◆ **Supplied material**

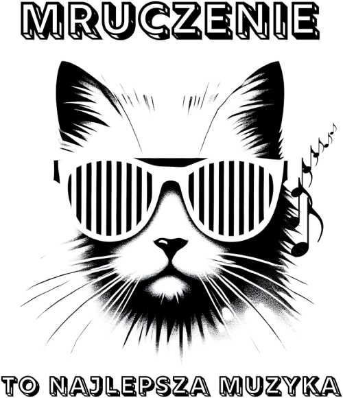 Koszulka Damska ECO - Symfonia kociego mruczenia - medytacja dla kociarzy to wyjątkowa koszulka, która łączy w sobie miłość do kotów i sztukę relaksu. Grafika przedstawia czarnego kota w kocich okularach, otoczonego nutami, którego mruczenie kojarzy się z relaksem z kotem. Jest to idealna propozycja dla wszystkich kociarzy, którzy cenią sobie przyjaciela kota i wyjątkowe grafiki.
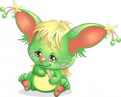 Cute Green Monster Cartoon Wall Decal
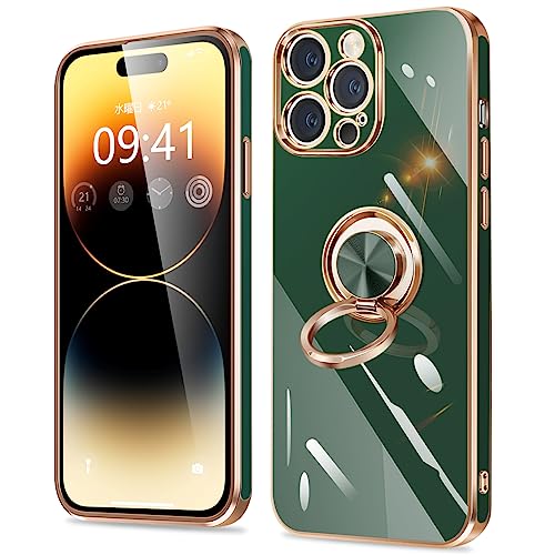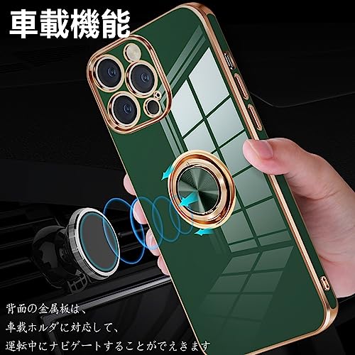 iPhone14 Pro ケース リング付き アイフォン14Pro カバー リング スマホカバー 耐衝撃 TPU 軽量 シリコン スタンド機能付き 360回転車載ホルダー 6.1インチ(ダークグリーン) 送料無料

◆ **Exercise instructions**
Return all of the material precisely as written. No picture belongs in it.

◆ **Exercise solution**
 Koszulka Damska ECO - Symfonia kociego mruczenia - medytacja dla kociarzy to wyjątkowa koszulka, która łączy w sobie miłość do kotów i sztukę relaksu. Grafika przedstawia czarnego kota w kocich okularach, otoczonego nutami, którego mruczenie kojarzy się z relaksem z kotem. Jest to idealna propozycja dla wszystkich kociarzy, którzy cenią sobie przyjaciela kota i wyjątkowe grafiki.
 Cute Green Monster Cartoon Wall Decal
 iPhone14 Pro ケース リング付き アイフォン14Pro カバー リング スマホカバー 耐衝撃 TPU 軽量 シリコン スタンド機能付き 360回転車載ホルダー 6.1インチ(ダークグリーン) 送料無料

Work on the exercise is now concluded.